Trackhouse Entertainment is the department in which Marks bridges the gaps between sports, pop culture and hospitality and it all truly took off the moment Perez bought into both the vision and the team itself.

This is NASCAR where all the money in the world helps but it needs to be paired with vision and spirit. Speaking to the assembled media prior to the Daytona 500 on Sunday, Perez said it was an underdog spirit that attracted him.

That spirit was embodied by Suárez, its next hire in Ross Chastain, and everyone who told them their concept wasn’t viable.

“Underdogs, one thing we love is a challenge,” Pérez said. “We love when people tell us, ‘no, don’t, won’t, never will happen’ or that you’re ‘crazy, stupid or it’s impossible.’

“Those are words that fuel us. When you take those words and you flip them, can’t becomes can and impossible becomes possible. … So when you bring that mentality to a whole sport (that) is hungry to feed the world and teach different communities and different cultures, then you are in the ultimate world do good and be well.”

That’s what Trackhouse was always about.

Credit: Mark J. Rebilas-USA TODAY Sports

Suárez represented the diversity of NASCAR’s next generation of competitors and fans. The team launched with a philosophy around charity and education. Chastain, an eighth-generation watermelon farmer who spent a decade racing for underfunded teams, represented underdogs.

“We’ll forever be underdogs,” Pérez said. “That was a beautiful thing in the beginning. That’s why we fight the way we fight and continue to build the way we build and continue to inspire and motivate others out there.”

Pérez very famously grew to prosperity from poverty.

He is the son of Cuban immigrants, who grew up with nothing, and never graduated high school. So when Pérez talks about underdogs, that’s coming from Armando Christian Pérez and not Pitbull.  

“Coming from my community, our culture, and most of the world, to be honest with you, the world loves underdogs,” Perez said. “It’s a blessing to be where we are at but this is just the beginning so it’s an honor to represent Trackhouse, NASCAR and what we do to the whole world.”

For Pérez, that representation has most recently come in the form of a new EP (extended play, which is like a diet album) called Trackhouse, that embodies the spirit of his race team.  

Credit: Matthew O’Haren-USA TODAY Sports

Trackhouse is now a two-charter team, with mutually beneficial partnerships with rival teams, and a growing portfolio of corporate sponsorships bought into the holistic vision.
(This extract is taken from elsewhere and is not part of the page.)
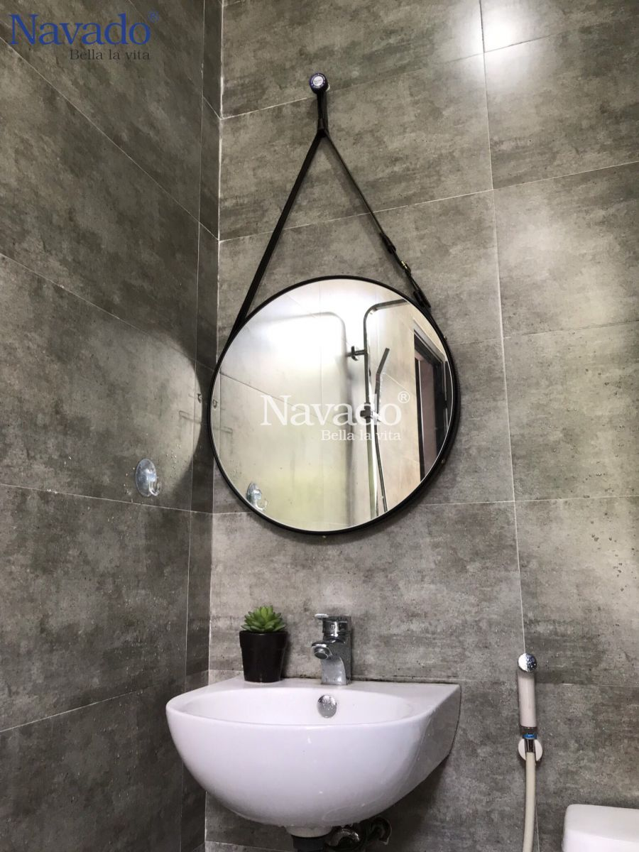 Xóa bỏ sự đơn điệu của những chiếc gương phòng tắm khung nhôm hay nhựa truyền thống, mẫu gương nhà tắm dây da của Navado mang đến hơi thở mộc mạc nhưng vô cùng sang trọng. Nhờ công nghệ phôi gương Bỉ AGC kháng ẩm và lớp da bò được xử lý chống thấm, bạn hoàn toàn có thể yên tâm về độ bền của sản phẩm ngay cả trong môi trường độ ẩm cao. Sợi dây da treo trên nền đá marble hay gạch men tối màu sẽ tạo nên một điểm nhấn tương phản cực kỳ đắt giá.

From that standpoint, Pérez says the sky is the limit.

He says Trackhouse has made history and will continue to, all the while staying true to the underdog spirit.
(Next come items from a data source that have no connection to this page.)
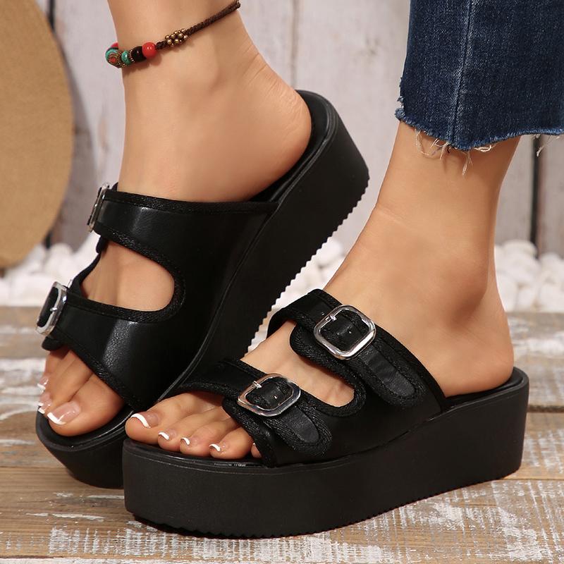 Металлическая двойная пряжка толстая подошва панк тапочки женские модные сандалии на толстой платформе женские летние нескользящие уличные пляжные шлепанцы 43 чёрный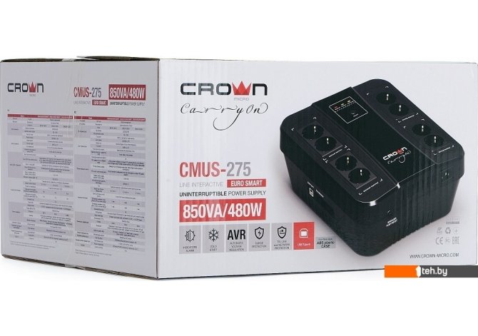 Фотографии, описание и технические характеристики модели бесперебойника CrownMicro Smart CMUS-275 Euro взяты из открытых источников, официального сайта производителя или представительства CrownMicro в Республике Беларусь.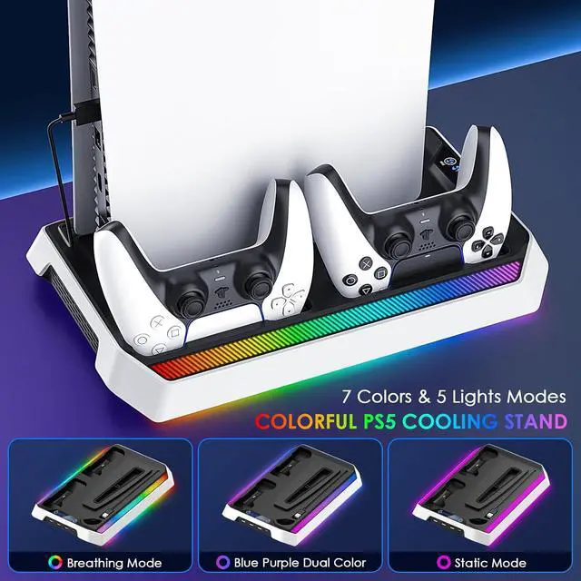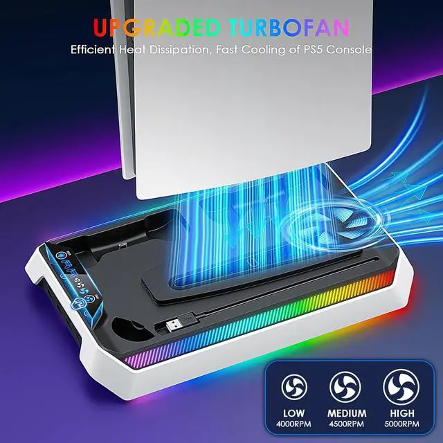 PS5/Slim/Pro Cooling Station, RGB P5 Controller Charger for PS5 Accessories, Ultra Quiet Cooling Fan for PS5 Digital/Disc Console, with 3 Level Fan, 4 USB Hub

“I don’t say this to blow smoke up anybody but Trackhouse is the most phenomenal organization,” he said. “This is the truth. Partners, solid, punctual, accountable, reliable and everything you look for in a team. That’s why I feel so strong about where we are at.

“I’ve learned from our team, how they move, how they study and deal with each other.

“That’s what a partnership is about. How we make each other better. I don’t ever want to be in a room with a bunch of know-it-alls. Like they say, if you’re the smartest person in the room, you’re in the wrong room, and I want to be in the room that allows for improvement.”

That’s what this is about for Pérez, relishing in the growth that has transpired while aspiring towards the growth to come.

“I’m a fan of first, with music and with NASCAR,” Pérez said. “I love to learn. I love to grown. And that’s what makes this exciting and to be around it all.”